Таким образом, бояре и простые общинники Галича были едины в стремлении избавиться от Даниила, не желая участвовать в его военных предприятиях. И первые, и вторые в равной мере предпочитали Романовичам других претендентов на галицкий стол — венгерского королевича Андрея или белзского князя Александра Всеволодовича[2441]
. Только так можно понять бессилие Даниила перед своими противниками, готовность снести их самые оскорбительные для княжеского достоинства выходки. Захваченные княжим сидельничим Иваном Михайловичем бояре Молибоговичи, заговор которых едва не стоил жизни Даниилу, «смерти не прияша, но милость полоучиша»[2442]. Продолжая тему боярского своеволия, летописец приводит совершенно вопиющий случай: «И некогда емоу (Даниилу. —Как полагает Η. Ф. Котляр, перед нами «распространенный в средневековом фольклоре символ самого страшного оскорбления, которое может нанести слуга господину»[2444]

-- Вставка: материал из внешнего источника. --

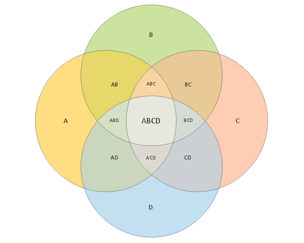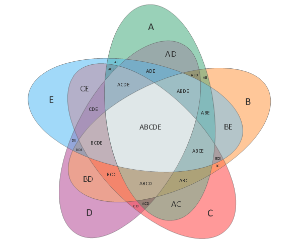 This example illustrates the 5-Set Venn Diagram Template which was designed for ConceptDraw DIAGRAM users and can be opened for filling from the Business Diagrams solution section in ConceptDraw STORE. Now, thanks to ConceptDraw DIAGRAM designing the Venn Diagram of any complexity on the base of template will take only few minutes.

. Не только, добавим мы. символ, но и само оскорбление. Объяснить удивительную индифферентность князя без ущерба для его репутации панегирист-летописец мог лишь мотивами христианской набожности. Исполненный смирения, Даниил отвечал на обиды: «Иногда же да Богъ имъ возом ездить»[2445]. Современный исследователь, щадя репутацию князя, вообще ставит под сомнение достоверность сообщаемого летописцем факта, поскольку «такой рыцарь, как Даниил, не стерпел бы публичного оскорбления от вассала»[2446]. Но это всего лишь догадка, порожденная повышенным эмоциональным отношением к личности героя. Историк к тому же совершенно не утруждает себя доказательствами насчет того, что обидчиком князя был его вассал.В. Т. Пашуто, стремясь скрасить удручающее впечатление бессилия Даниила перед своими врагами в Галиче, которое никак не вяжется с декларируемым исследователем тезисом: «…политика Даниила Романовича… находила сочувствие в достаточно широких кругах городского населения»[2447]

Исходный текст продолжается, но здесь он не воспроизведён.